По этому знаку ворота растворились, и конвой приготовился идти.
— Позвольте, — вскричал Ленэ, желая выиграть время, — позвольте, герцог! Мы ведем господина де Каноля на смертную казнь, не так ли?
Герцог удивился. Каноль с любопытством взглянул на советника.
— Да, — сказал герцог.
— А если так, — продолжал Ленэ, — то этот достойный дворянин не может обойтись без духовника.
— Простите, сударь, напротив, — отвечал Каноль, — я вполне могу обойтись без него.
— Как? — спросил Ленэ, подавая арестанту знаки, которых тот не хотел понять.
— Ведь я гугенот, — отвечал Каноль, — и предупреждаю вас, гугенот самый закоренелый. Если хотите сделать мне последнее удовольствие, позвольте умереть в моей вере. — И, отказываясь от исповеди, он подал Ленэ знак, показывающий, что понял его и благодарен ему.

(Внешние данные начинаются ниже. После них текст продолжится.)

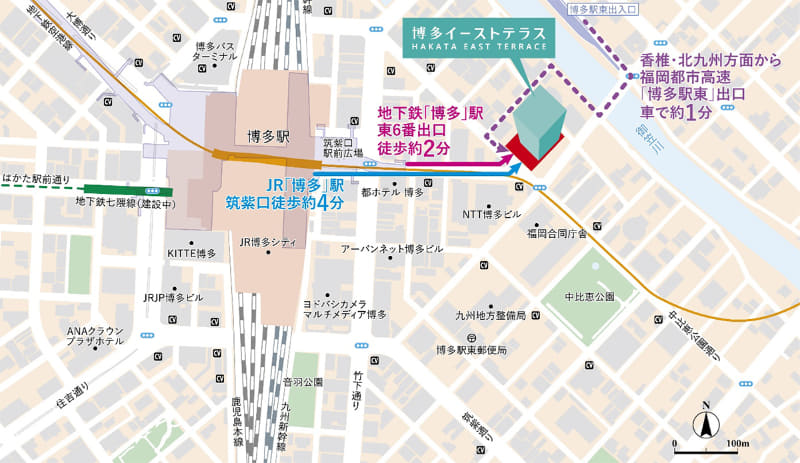 博多駅周辺地区最大級の広場整備のオフィスビル。NTT都市開発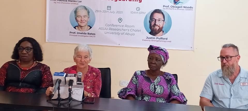 From Left, Prof. Obiageli Nnodu Co-Principal Investigator PACTS and Director CESRTA, Prof. Imelda Bates, Principal Investigator PACTS, Prof. Rhoda Mundi Senior Special Assistant to the Vice-Chancellor University of Abuja and Justin Pulford, Capacity Strengthening Lead at a workshop in University of Abuja.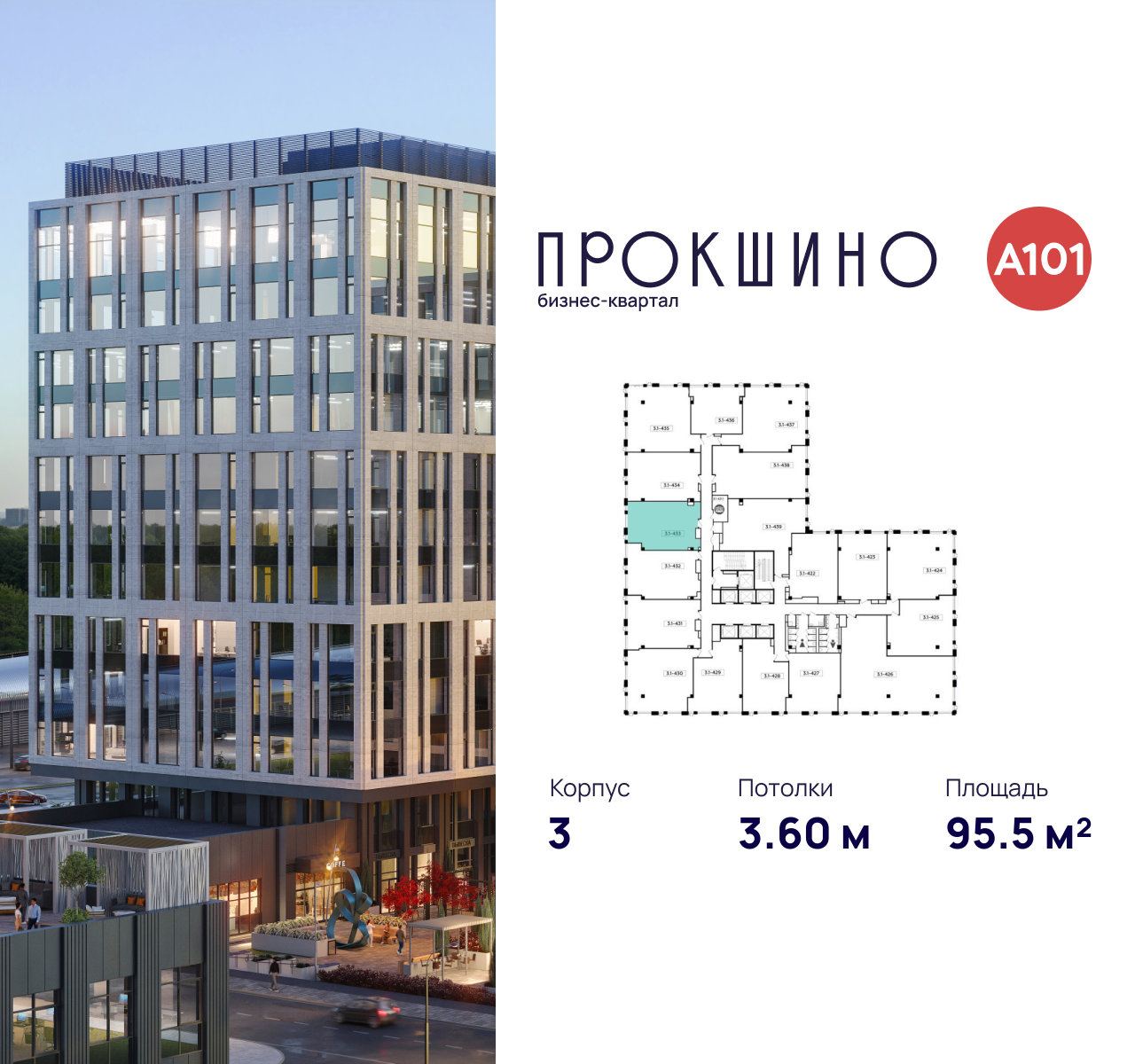 Купить офис 95 м² в бизнес-квартале Прокшино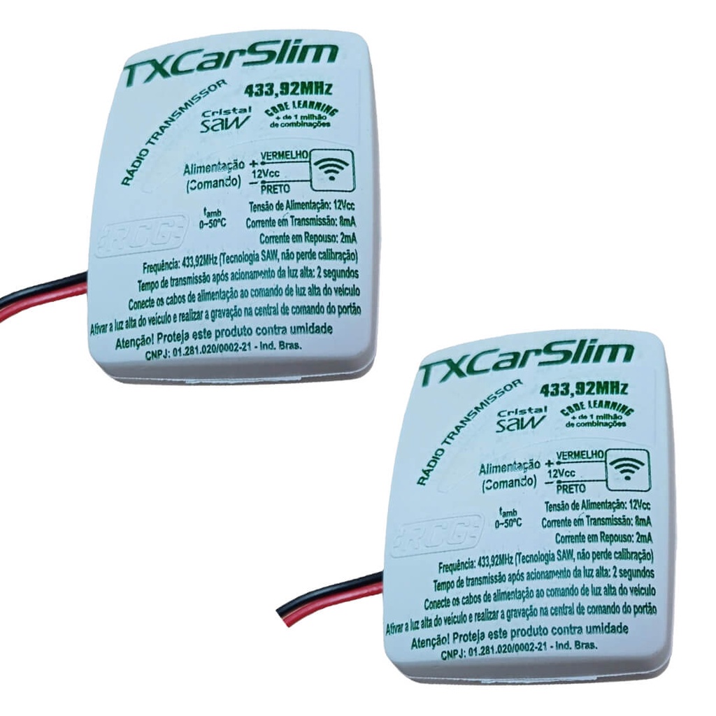Kit 2 Controle De Portão Eletrônico Farol Tx Car Garen Rcg - 433Mhz À Prova D'água - H-Tronic

— В таком случае ничто не удерживает вас, пойдемте! — сказал герцог.
— Пусть он исповедуется, пусть он исповедуется! — закричали несколько ярых фанатиков.

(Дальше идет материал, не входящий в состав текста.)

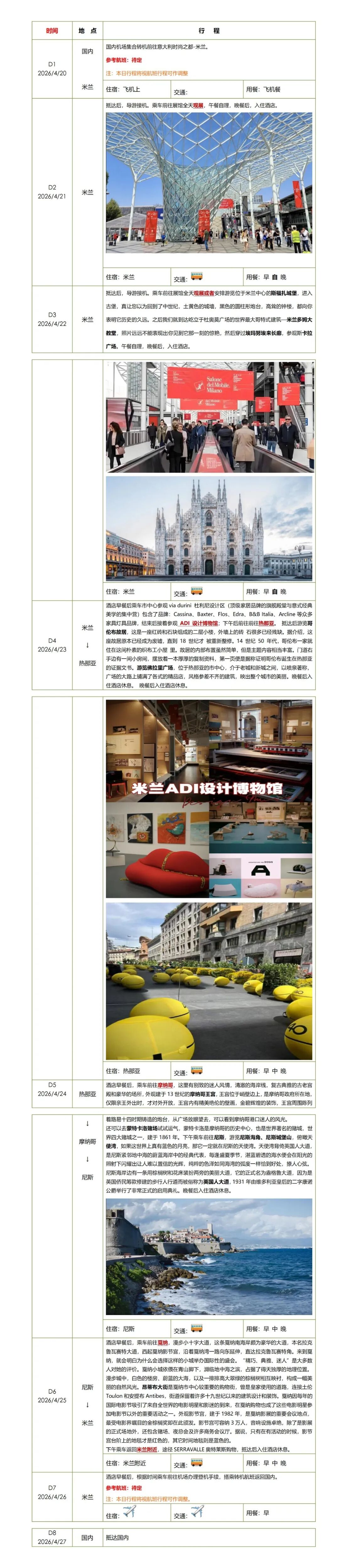 为加强国际交流与合作,帮助会员企业更好地把握市场动态和设计趋势,感受世界前沿的产品设计理念,提升我省家具行业的设计水平和市场竞争力 红桃视频高清,山东省家具协会计划于2026年4月20日-27日组织会员企业参观考察意大利米兰家具展,具体内容通知如下, 。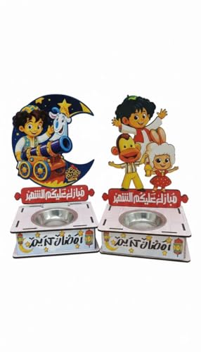 DIY-Kit - مبخرة خشبية رمضان - مبخرة خشبية رمضانية - اشكال رمضانية كرتونية متعددة (عشوائية) - مناسبة لديكور المنزل في شهر رمضان - حامل بخور - من ضمن الاشكال بكار نانوفس - موديل 3

Каноль приподнялся на цыпочках, спокойно и самоуверенно посмотрел кругом и, повернувшись к герцогу, сказал строго:
— Что за подлости хотят тут делать? Мне кажется, сударь, что только я один здесь имею право исполнять свою волю, потому что я герой праздника. Поэтому я отказываюсь переменять веру, но требую эшафота, притом как можно скорее, теперь уж мне надоело ждать.
— Молчать! — закричал герцог, обращаясь к толпе.

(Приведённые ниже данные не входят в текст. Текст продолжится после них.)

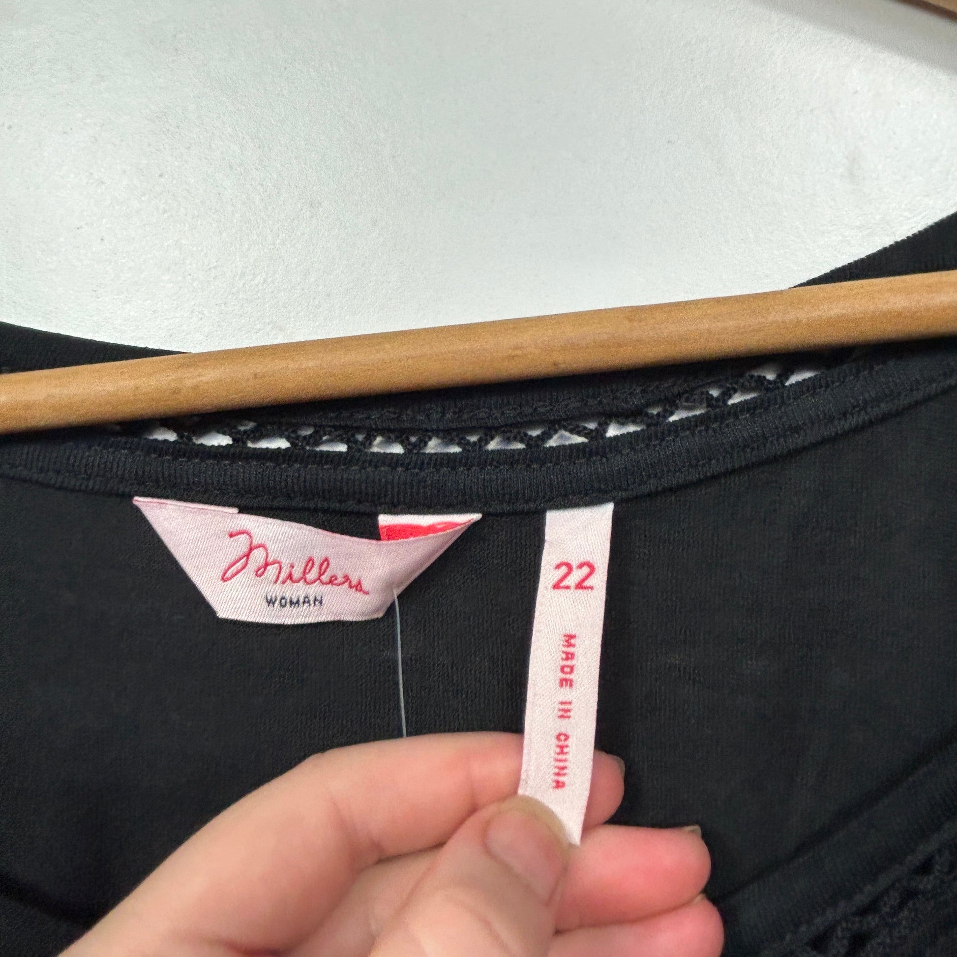 Millers Black T-Shirt with Crochet Neckline Trim - Size 22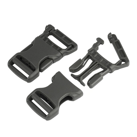 Zestaw dwóch uniwersalnych klamer. W zależności od potrzeb mogą one zostać wykorzystane jako element zamienny lub posłużyć do montażu dodatkowego oporządzenia. Otwory pozwalają na wykorzystanie różnego rodzaju troków i pasków o szerokości do 25 mm. Część żeńska klamry posiada klips kompatybilny z systemem MOLLE, co pozwala na przypięcie ich do plecaka taktycznego.

Когда под действием его голоса и взгляда сразу же воцарилось молчание, герцог сказал Канолю:
— Сударь, поступайте как вам угодно.
— Покорно благодарю, сударь. Так пойдем же… и пойдем поскорее…
Ленэ взял Каноля за руку.
— Напротив, идите медленнее, — сказал он. — Кто знает будущее? Могут дать отсрочку, могут одуматься, может случиться какое-нибудь важное событие. Идите медленнее, заклинаю вас именем той, которая вас любит, которая будет так плакать, если узнает, что мы спешили…
— О, не говорите мне о ней, прошу вас, — отвечал Каноль. — Все мое мужество исчезает при мысли, что я навсегда разлучаюсь с нею… Нет! Что я говорю?.. Напротив, господин Ленэ, говорите мне о ней, повторяйте, что она любит меня, будет любить всегда и будет плакать обо мне.
— Ну, доброе и бедное дитя, — отвечал Ленэ, — мужайтесь! Помните, что на нас смотрят и не знают, о чем мы говорим.
Каноль гордо поднял голову, и, благодаря этому полному грации движению, красивые его кудри черными локонами рассыпались по плечам. Конвой вышел уже на улицу: множество факелов освещали шествие и так что можно было видеть спокойное и улыбающееся лицо пленника.
Он слышал, как плакали некоторые женщины, а другие говорили:
— Бедный барон! Как он молод! Как хорош!
Шествие безмолвно подвигалось вперед, наконец Каноль сказал:
— Ах, господин Ленэ, как бы мне хотелось видеть ее еще раз.
— Хотите, я пойду за ней? Хотите, я приведу ее сюда? — спросил Ленэ, лишившись всей своей твердости.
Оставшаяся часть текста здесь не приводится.